What is that image below? It’s a Facebook post from Carritta Cook, the President of the Asbury Park Board of Education. As such, it’s not so surprising that an elected official whose role, according to the New Jersey School Boards Association, is to inspire empathy, lead by example, and “keep their cool in hot situations,” leads this particular Board. One could even argue that Cook has violated the Asbury Park social networking policy, which specifies that district staff and representatives who use social media ‘are held to a higher standard than the general public with regard to standards of conduct and ethics.” And we haven’t even gotten to the meat of last night’s school board meeting.
On to the meeting.
To understand the agenda, you need to know about the Asbury Park High School football fiasco. Earlier this month the new principal of the high school, Bridget O’Neill, had to cancel the first football game of the season because only eight team members of the Blue Bishops met state eligibility requirements, which include passing courses and showing up for classes. Yet a week later a miracle occurred: suddently 18 players were eligible.
How did that happen?
Adams said the ineligibility of 10 players was just a “breakdown in communications.” Actually, teachers changed grades to raise athletes’ GPA’s.

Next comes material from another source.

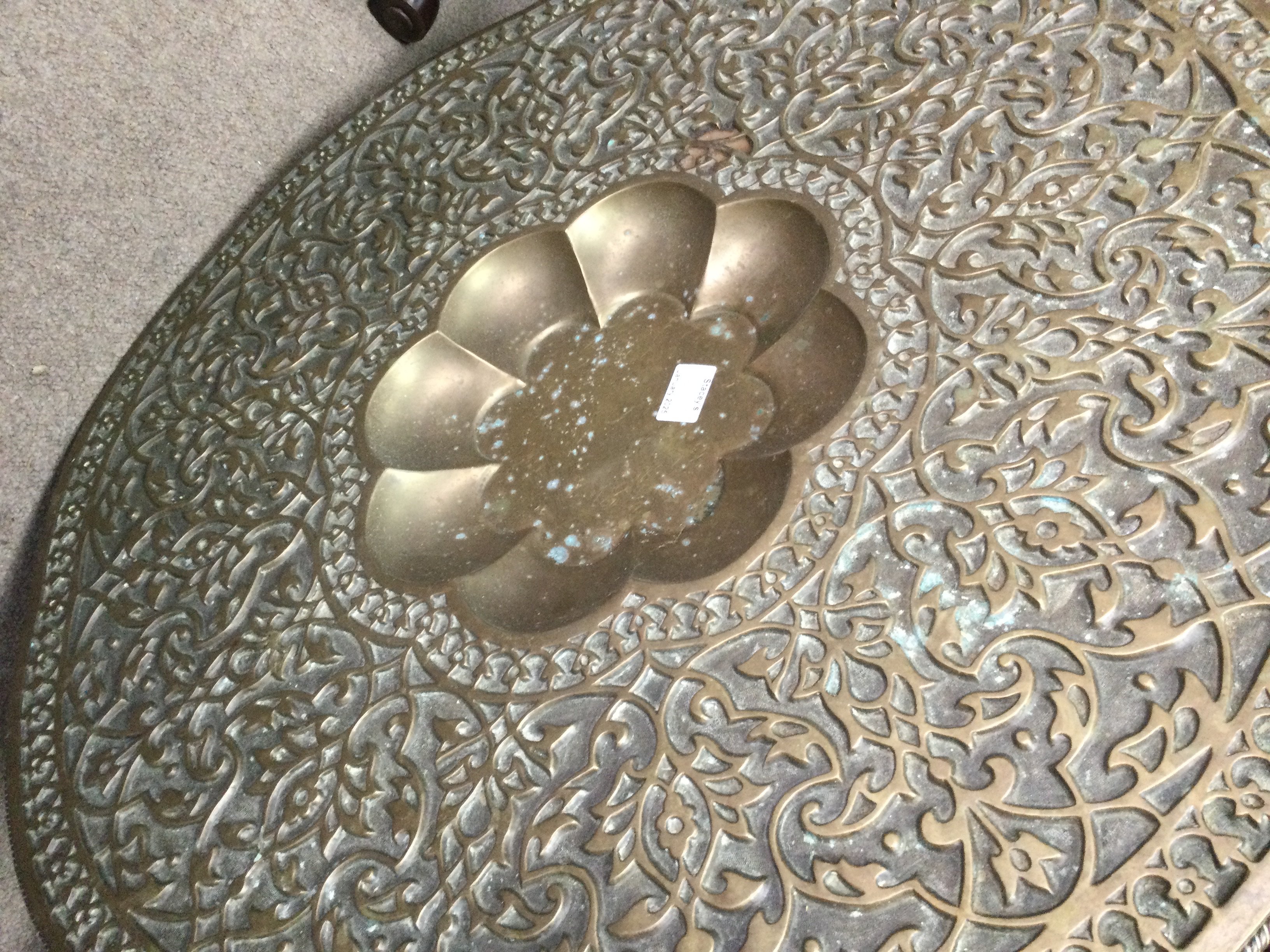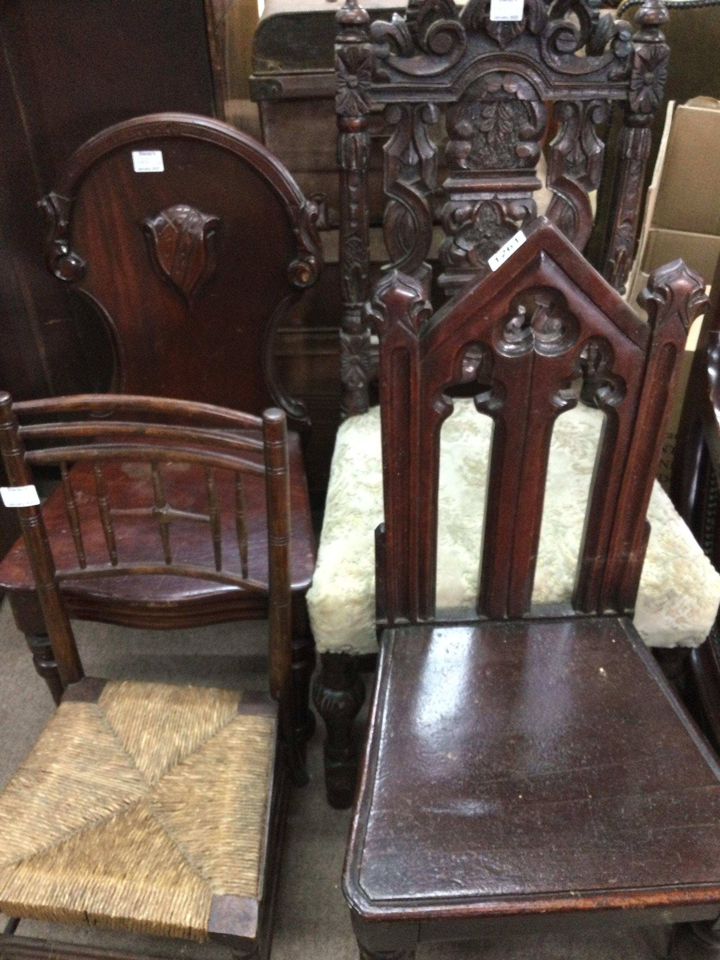 A collection of furniture including four chairs including two hall chairs and a folding table with brass tray top .

Yet a price must be paid. Hence, the primary sacrificial lamb listed on last night’s agenda:
Mark Gerbino, Director of Athletics will be reassigned as Administrator on Special Assignment effective September 23, 2022.
Gerbino and Adams have a long-standing feud because 1) the majority of the staff voted for Gerbino to get the superintendent slot and Adams came in last; 2) Adams overturned Gerbino’s recommendation for head basketball coach for murky reasons described here.

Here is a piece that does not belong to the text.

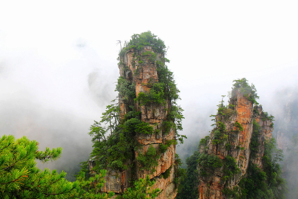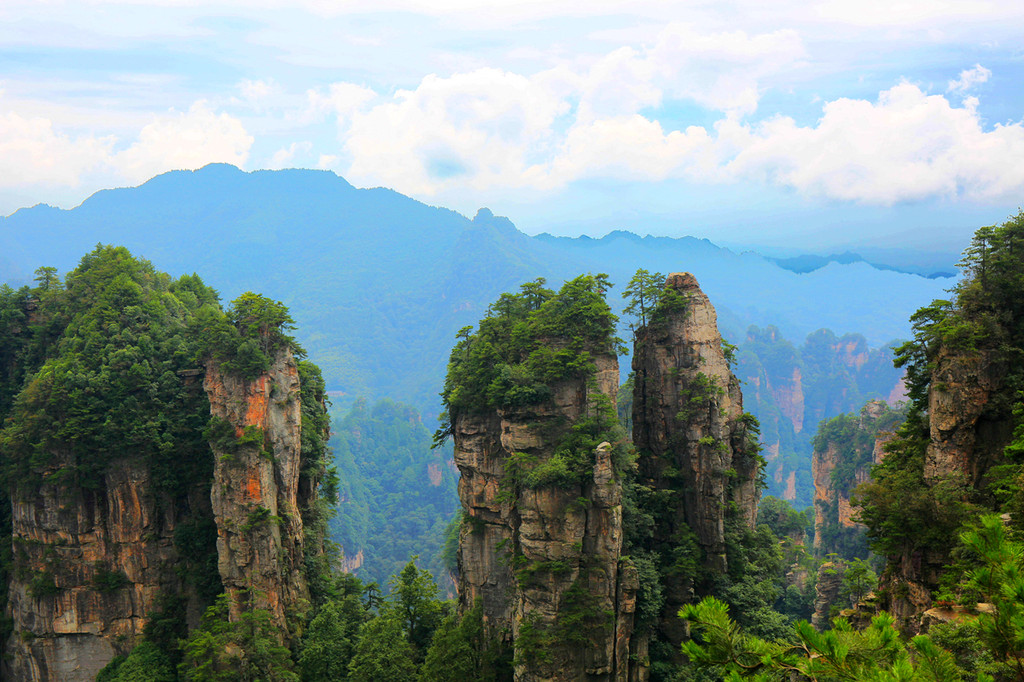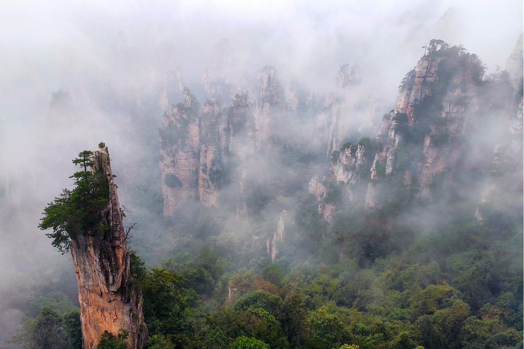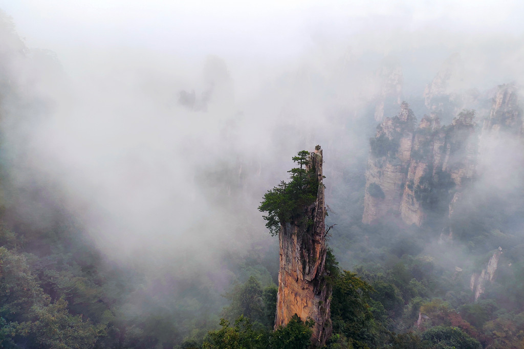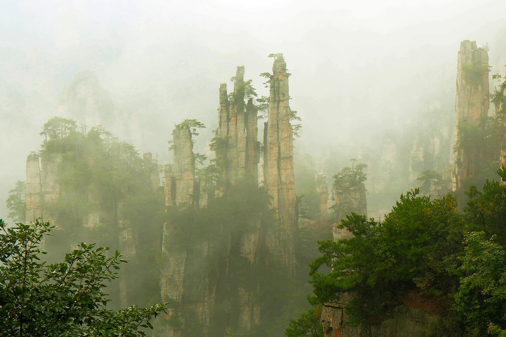 袁家界位于张家界的中心地带,据说天气好的时候,可以看见张家界三千奇峰耸立四周,随着电影《阿凡达》的全球热映,以这里的乾坤柱为蓝本的哈利路亚山,立即让张家界享誉全球。

Gerbino’s administrative secretary, Yvose Damour, was reassigned to the Central Office. It’s an Athletic Department purge!

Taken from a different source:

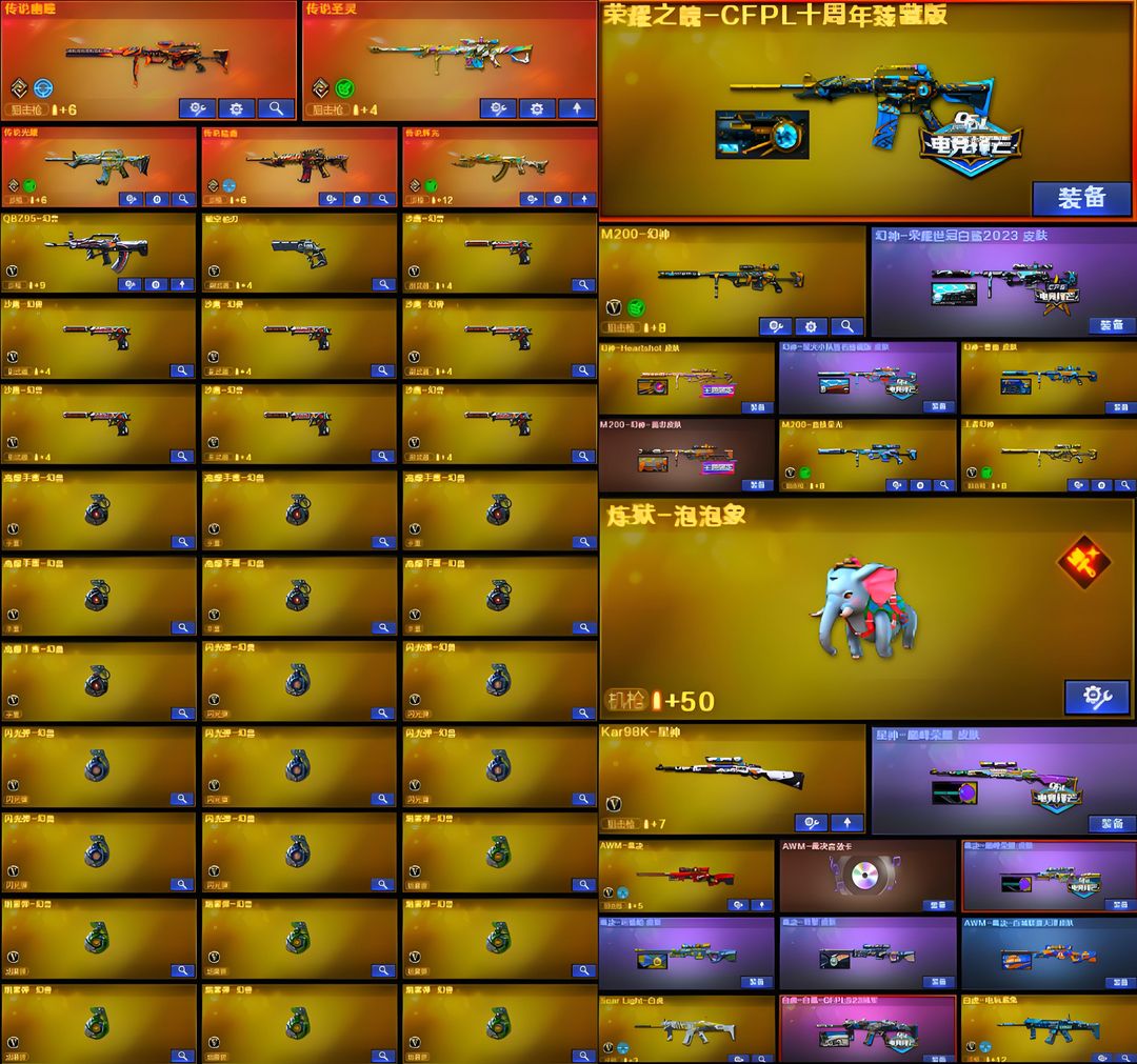 7套幻兽⭐幽瞳⭐十周年至臻⭐泡泡象♥副武器满配♥基础V全♥3蝴蝶刀♥爆破生化全部毕业

In addition, I’ve been told the secretary for the high school Guidance Department, Tyshell Belemy, was suspended with pay. She is the staff member who was told to make the grade changes for students who were ineligible for football. Changing their grades, with teacher approval, made them eligible, enabling the Blue Bishops to use 18 players and not have to forfeit games.
Also on the agenda:
Resignation
Upon the recommendation of the Superintendent, that the Board approves the resignation of the following
employees:
a. Janice Kroposky, Supervisor of C & I, effective October 31, 2022. (PCR# 1710-500-010-00001)
b. Sharlene Pinto, Supervisor of C & I, effective October 31, 2022. (PCR# 1710-010-010-00001)
Asbury Park staff are dropping like flies. Kroposky is a member of what Asbury Park/Department of Education/Kean University staff members call the “Repollet Tree.” Just last month she was spearheading a $78,280 program for English Language Learners and, of course, she was an invited guest on the taxpayer-funded trip to Ghana to enstool Lamont Repollet, former Asbury Park superintendent/Education Commissioner and current president of Kean University, as a Ghanian king.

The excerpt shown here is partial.